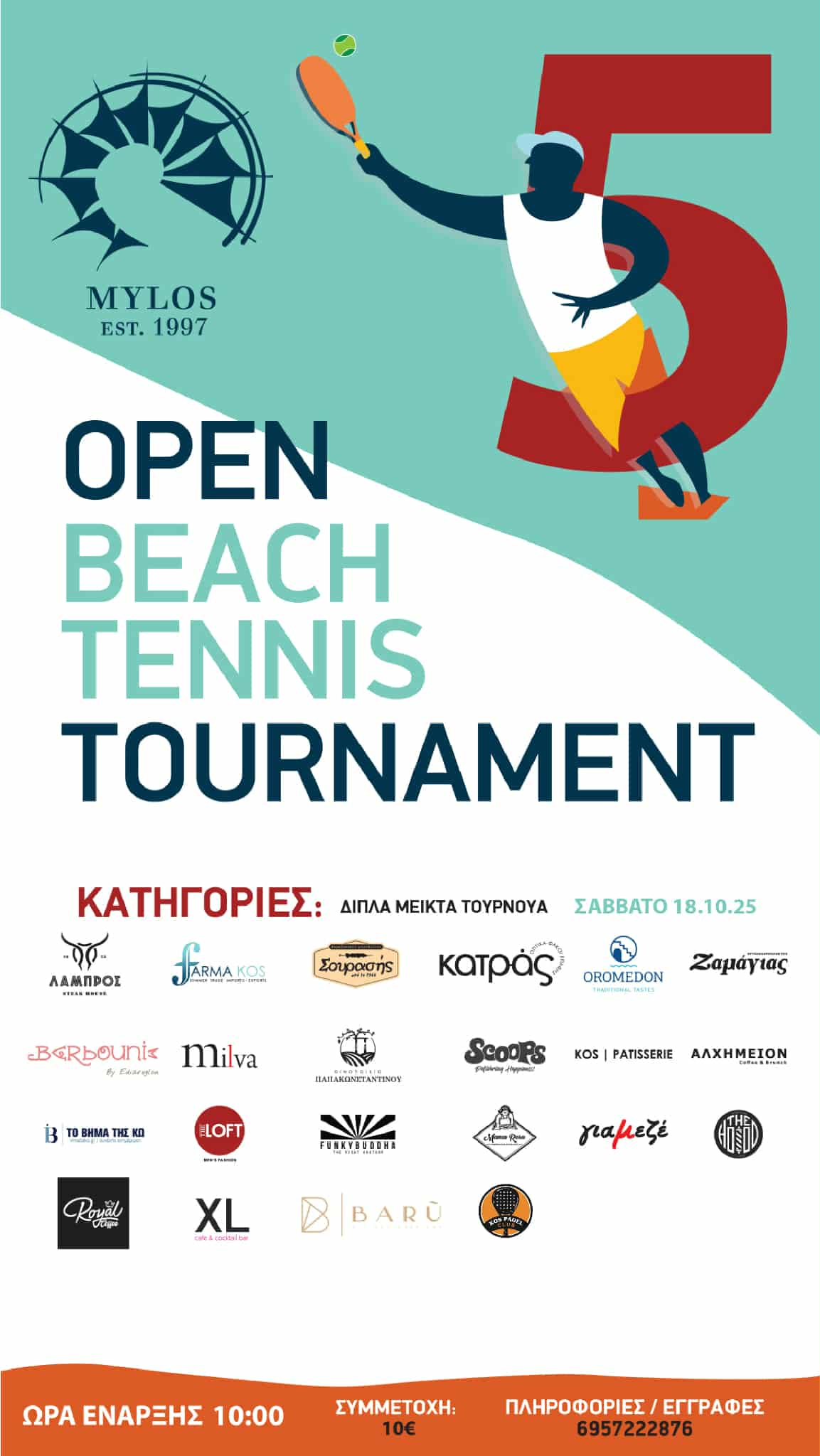 Οι φίλοι του beach tennis ετοιμάζονται για το τελευταίο μεγάλο αθλητικό ραντεβού της χρονιάς! Τo Σάββατο 18 Οκτωβρίου, στις εγκαταστάσεις του «Μύλου», θα πραγματοποιηθεί το Open Beach Tennis Tournament, ολοκληρώνοντας τη φετινή αγωνιστική περίοδο με ένα δυναμικό και άκρως θεαματικό τουρνουά.
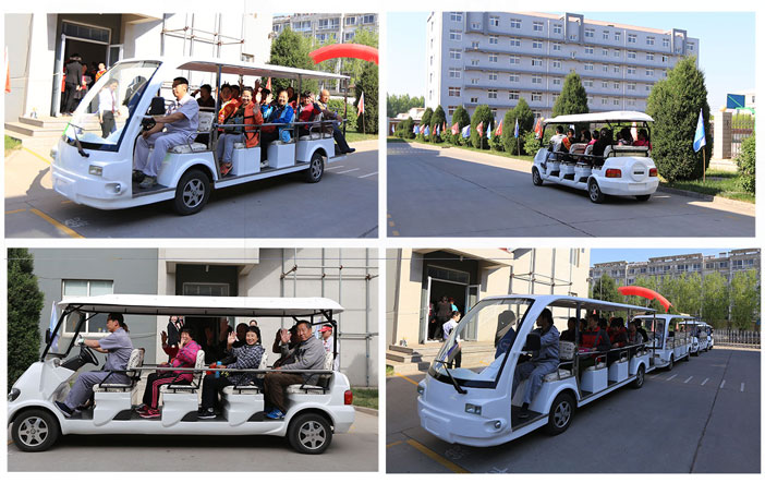 健身愛好者們乘觀光車參觀康姿百德第一科技園
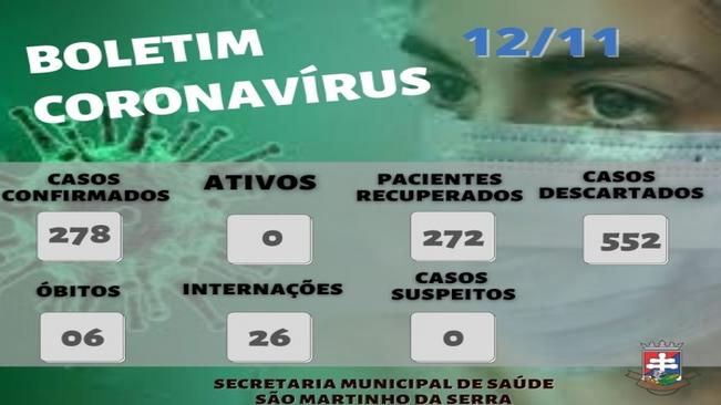 Boletim CORONAVÍRUS ATUALIZADOCasos ativos: 0Casos confirmados (total acumulado): 278Casos ainda suspeitos: 0Pacientes recuperados: 272Casos descartados: 552Internações (total acumulado): 26Internações no momento: 0Óbitos: 06Dados atualizados pela Secretaria Municipal de Saúde dia 29/10/2021.Os casos suspeitos e os ativos seguem em isolamento domiciliar e são monitorados pela equipe de saúde, conforme protocolo.Reforçamos:Use sempre máscaraLave bem as mãosUse álcool em gelEsteja em espaços bem ventiladosEvite aglomeraçõesEm caso de suspeita da doença, ligue para a UBS: (55) 99705-1383
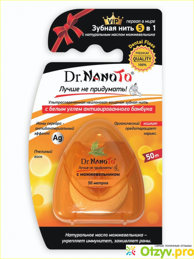 Моя новинка это нить 5 в 1 с натуральным маслом можжевельника от Dr.NanoTo. В рулетке 50 метров и стоило мне это приобретение 250 рублей. Довольно экономично с учетом приличного метража. Это современная вощенная нейлоновая нить с белым углем активированного бамбука. Содержит органический ксилит, можжевельник, пчелиный воск, ионы серебра и другие активные ингредиенты. Благодаря этому происходит не просто вычищение мягкого налета, но и восстановление.
════════════════════
** DIRECTIONS **
Skip every picture and return the lines above from the top through the one that contains "Boletim CORONAVÍRUS ATUALIZADOCasos".

** WRITTEN REPLY **
 Οι φίλοι του beach tennis ετοιμάζονται για το τελευταίο μεγάλο αθλητικό ραντεβού της χρονιάς! Τo Σάββατο 18 Οκτωβρίου, στις εγκαταστάσεις του «Μύλου», θα πραγματοποιηθεί το Open Beach Tennis Tournament, ολοκληρώνοντας τη φετινή αγωνιστική περίοδο με ένα δυναμικό και άκρως θεαματικό τουρνουά.
 健身愛好者們乘觀光車參觀康姿百德第一科技園
 Boletim CORONAVÍRUS ATUALIZADOCasos ativos: 0Casos confirmados (total acumulado): 278Casos ainda suspeitos: 0Pacientes recuperados: 272Casos descartados: 552Internações (total acumulado): 26Internações no momento: 0Óbitos: 06Dados atualizados pela Secretaria Municipal de Saúde dia 29/10/2021.Os casos suspeitos e os ativos seguem em isolamento domiciliar e são monitorados pela equipe de saúde, conforme protocolo.Reforçamos:Use sempre máscaraLave bem as mãosUse álcool em gelEsteja em espaços bem ventiladosEvite aglomeraçõesEm caso de suspeita da doença, ligue para a UBS: (55) 99705-1383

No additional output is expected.